Cushing syndrome, first described by Harvey in 1912, refers to signs and symptoms caused by excess free plasma glucocorticoids. Excess glucocorticoids can be from increased endogenous production or prolonged exposure to exogenous use of glucocorticoid products. While endogenous Cushing’s syndrome is a rare disease, iatrogenic (drug-related or exogenous) Cushing syndrome from glucocorticoid products is commonly seen in clinical practice. This article will focuses on iatrogenic, or drug-related, Cushing syndrome.
Drugs that have been reported to result in hypercortisolism are glucocorticoids, megestrol acetate, and herbal preparations that contain glucocorticoids.
Individuals with Cushing syndrome can develop moon facies, facial plethora, supraclavicular fat pads, buffalo hump, truncal obesity, and purple striae, as shown in the image below.
Individuals often experience proximal muscle weakness, easy bruising, weight gain, hirsutism, and, in children, growth retardation. Hypertension, osteopenia, diabetes mellitus, and impaired immune function may also occur.
Most cases of Cushing syndrome are due to exogenous glucocorticoids. Prevalence of exogenous Cushing syndrome depends on the frequency and spectrum of medical conditions requiring glucocorticoid treatment in a given population. Considerable variation in this frequency is observed in populations of different cultural and ethnic backgrounds.
Morbidity and mortality associated with Cushing syndrome are related primarily to the effects of excess glucocorticoids.
Two catastrophic medical crises that occur in glucocorticoid excess states are perforated viscera and opportunistic fungal infections.
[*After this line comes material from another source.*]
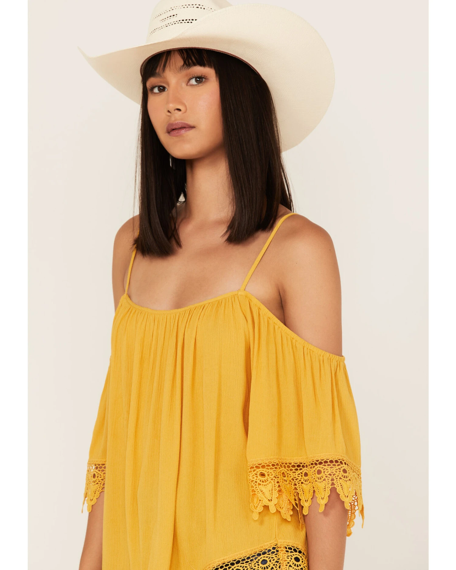 No Frills Women’s Lace Cold Shoulder Long Sleeve Woven Top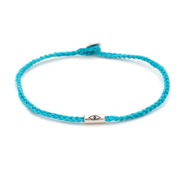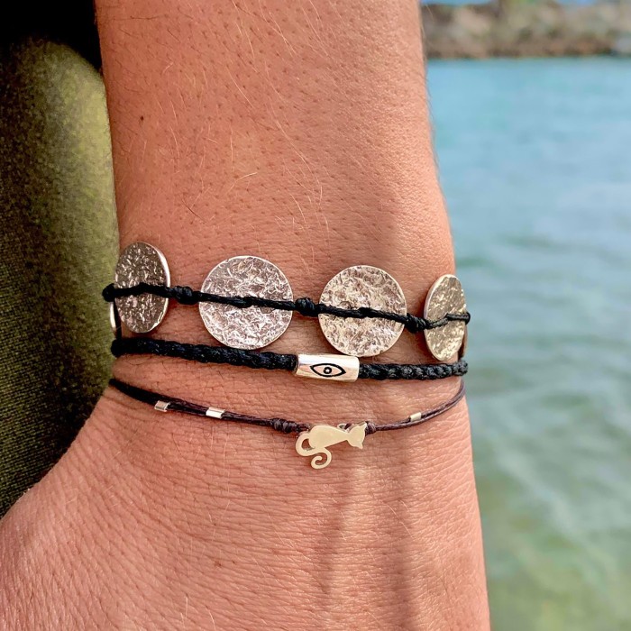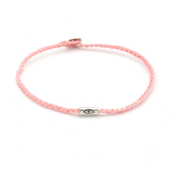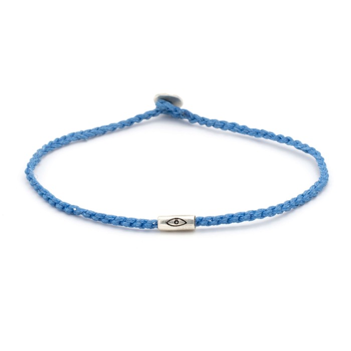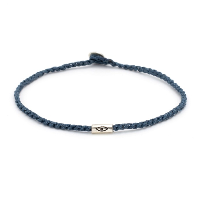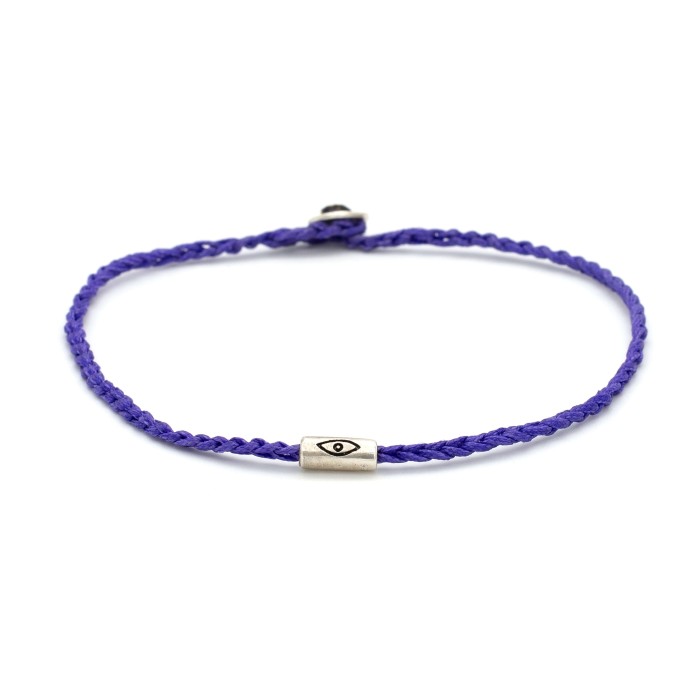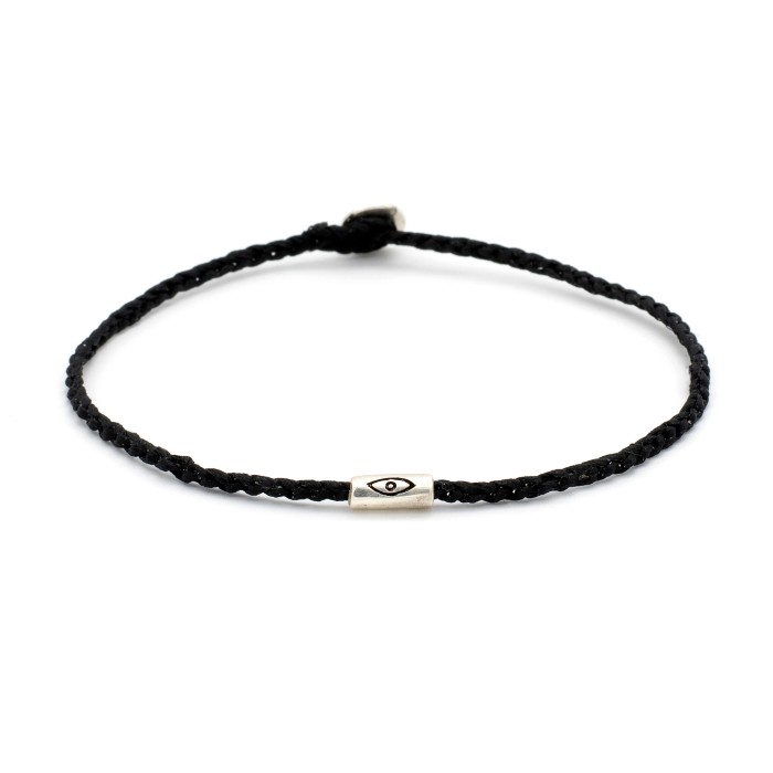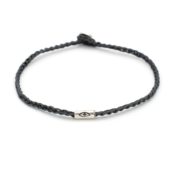 Ένα πρωτότυπο χειροποίητο βραχιόλι πλεγμένης κηροκλωστής με ένα ασημένιο στοιχείο - μάτι. Το μέγεθος του βραχιολιού είναι ρυθμιζόμενο.

Exposure to excess glucocorticoids results in multiple medical problems, including hypertension, obesity, osteoporosis, fractures, impaired immune function, impaired wound healing, glucose intolerance, and psychosis.
Exogenous steroids suppress the HPA axis, with full recovery taking as long as a year after cessation of glucocorticoid administration. Thus, patients who are on or who have taken steroids are at risk for developing an adrenal crisis if steroids are stopped or not increased during an acute illness.
Glucocorticoids’ bioavailability is between 60% and 100%. More than 90% of the circulating glucocorticoid binds to corticosteroid binding globulin (CBG).The unbound free hormone in the circulation binds to the glucocorticoid receptor (GR). GR consists of a carboxy terminal ligand binding domain, a DNA binding domain and an N terminal domain. Except for prednisolone, which has an affinity for CBG that is about half of cortisol. Other synthetic glucocorticoids, in comparison to cortisol, have much less affinity to CBG.
Binding of the glucocorticoid to GR results in several intracellular processes of gene transcription and translation that ultimately lead to several actions of glucocorticoids on tissues. Some glucocorticoids can have cross activity with mineralocorticoid receptor (MR) due to significant homology between GR and MR. 
Structural differences between glucocorticoid compounds result in different bioavailability, duration, onset of action, potency and metabolic profiles of each product. Downregulation of the nuclear factor-kappa B activation,  changes in the enzyme adenosine monophosphate-activated protein kinase activity,  and modulation of activator protein 1 (Fos/Jun)  are some of the important pathways that have been described. More research still needs to be conducted to fully understand the underlying signaling pathways and glucocorticoid tissue-specific responses.